La douleur déferlait par vagues derrière les yeux de Galya. Elle se sentait parfois écrasée sous les lourdes couvertures, ou bien au contraire soulevée, flottant sur un courant d’air chaud. Sa conscience allait et venait, depuis des jours, lui semblait-il. Pourtant, tout au fond, dans le recoin de son esprit qui restait éveillé, elle savait que quelques heures seulement s’étaient écoulées.

Ses paupières, quand elle put enfin les ouvrir, laissèrent entrer le rai douloureux d’une pâle lumière. Elle les referma, non sans avoir pris conscience de son environnement.

Une chambre aux fenêtres obscurcies. Pas celle où on l’avait retenue prisonnière pendant presque une semaine. Un endroit différent. Mais où était-ce ?

Puis elle se rappela.

Le sang chaud sur ses mains, la fuite dans la nuit, le bitume gelé qui lui écorchait la plante des pieds, la camionnette blanche et son étrange conducteur, l’homme bon qui était venu la chercher.

Le café et l’odeur aigre-douce du panaché lait-citron.

L’estomac de Galya se révulsa à ce souvenir. Elle roula sur le bord du lit, les couvertures nouées autour des jambes. Ses haut-le-cœur ne produisirent qu’une maigre éclaboussure, un liquide sombre et amer.

Le café qu’il lui avait fait boire.

Avait-elle été droguée ? Ou bien était-elle simplement si fatiguée que le sommeil l’avait terrassée ? Se découvrant encore tout habillée, quoique délestée de ses chaussures, elle pouvait espérer qu’il ne l’avait pas touchée.

Galya s’assit sur le lit, mais la douleur ballotait sous son crâne, accompagnant chacun de ses mouvements. Elle pressa ses paumes contre ses tempes.

Quand le sang cessa de battre à ses oreilles, elle retint son souffle et écouta la maison autour d’elle.

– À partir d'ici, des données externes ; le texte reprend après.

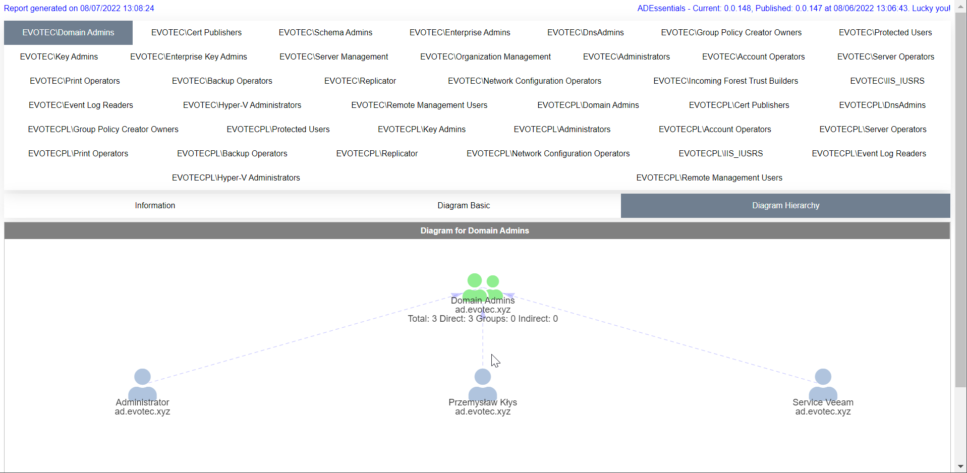 Remember that you can also pick and choose groups you want to display from the defined critical groups. Just in case you're not interested in the full scope of your Forest.

Aucun bruit, pas même le tic-tac d’une pendule.

Elle repoussa les couvertures et posa les pieds par terre. Au contact de la moquette aux fibres grossières sur sa peau à vif, elle réprima un gémissement.

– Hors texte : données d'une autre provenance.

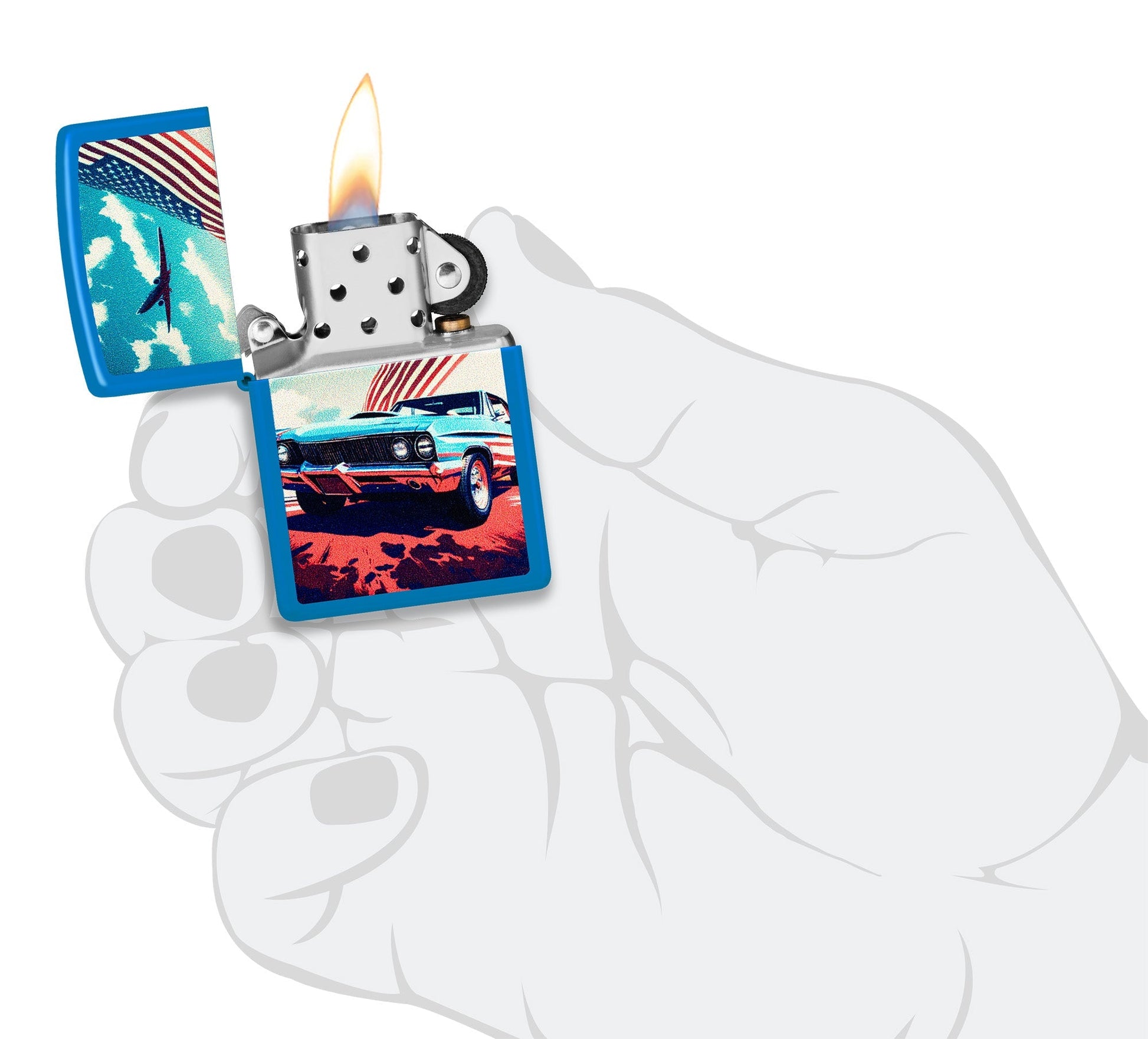 Deze klassieke Sky Blue Matte-aansteker is klaar voor je eerstvolgende roadtrip, met een felblauwe muscle car onder de Amerikaanse vlag, uitgevoerd in een sprankelend Color Image-design.

Dans la pénombre, elle prit la mesure de la pièce. Un papier peint à fleurs qui n’avait pas été changé depuis des années. Une vilaine commode contre le mur. L’air sentait l’humidité, sous laquelle affleurait un relent plus ancien.

Galya se hissa péniblement sur ses jambes. Elle réussit à tenir debout, mais s’abattit aussitôt contre la commode. Elle s’y appuya un instant, attendant que son équilibre revienne, puis s’approcha de la fenêtre et écarta le mince rideau.

Un panneau d’un seul tenant, sans poignée. La vitre était opacifiée par une couche de peinture noire. De minuscules écailles sur les bords laissaient filtrer un peu de lumière. Çà et là, la peinture avait été grattée à l’ongle, semblait-il. Sans réfléchir, Galya fit de même, éprouvant elle aussi la résistance de la peinture.

Qui pouvait bien peindre une fenêtre ? Pourquoi ?

Quelqu’un qui avait des choses à cacher, pensa-t-elle.

La peur s’éveilla en elle. Un frémissement, déjà prêt à grandir.

Galya traversa la chambre en se tenant au mur. Elle savait avant même d’essayer que la porte serait fermée à clé. Le battant se calait au millimètre près dans le chambranle, sans le moindre jeu. Elle effleura l’épaisse peinture du bout des doigts, sentit les fragments qu’on avait arrachés.

Appliquant sa joue contre le bois froid et lisse, elle tendit l’oreille à nouveau. Aucun bruit, aucun mouvement derrière la porte.

Galya inspira profondément, retint son souffle le temps d’une hésitation, puis lança : « Il y a quelqu’un ? »

Le silence d’un cimetière. Pas même le bourdonnement lointain de la circulation.

Elle posa une main contre le panneau de bois peint et ne bougea plus, comme s’il était possible de sentir battre le cœur de la maison, puis frappa deux fois.

« Il y a quelqu’un ? » répéta-t-elle, plus fort.

Quelque chose lui répondit.

Elle recula.

Le hurlement venait de plus haut. La plainte d’un chien blessé, ou d’une bête attendant son heure à l’abattoir.

Galya n’essaya plus d’appeler.

Elle retourna s’asseoir sur le lit. Là, elle réfléchit en se mordillant l’ongle du pouce, luttant contre la peur qui lui tenaillait le ventre, pour ne pas la laisser envahir son esprit et lui ôter toute raison.

Cet homme, Billy Crawford, n’avait pas l’intention de l’aider. Inutile de nier l’évidence. Alors, que voulait-il faire ? Les griffures sur la vitre et la porte — quelqu’un avait déjà été enfermé ici. Quelqu’un qui avait gratté la peinture de ses ongles pour tenter de s’échapper.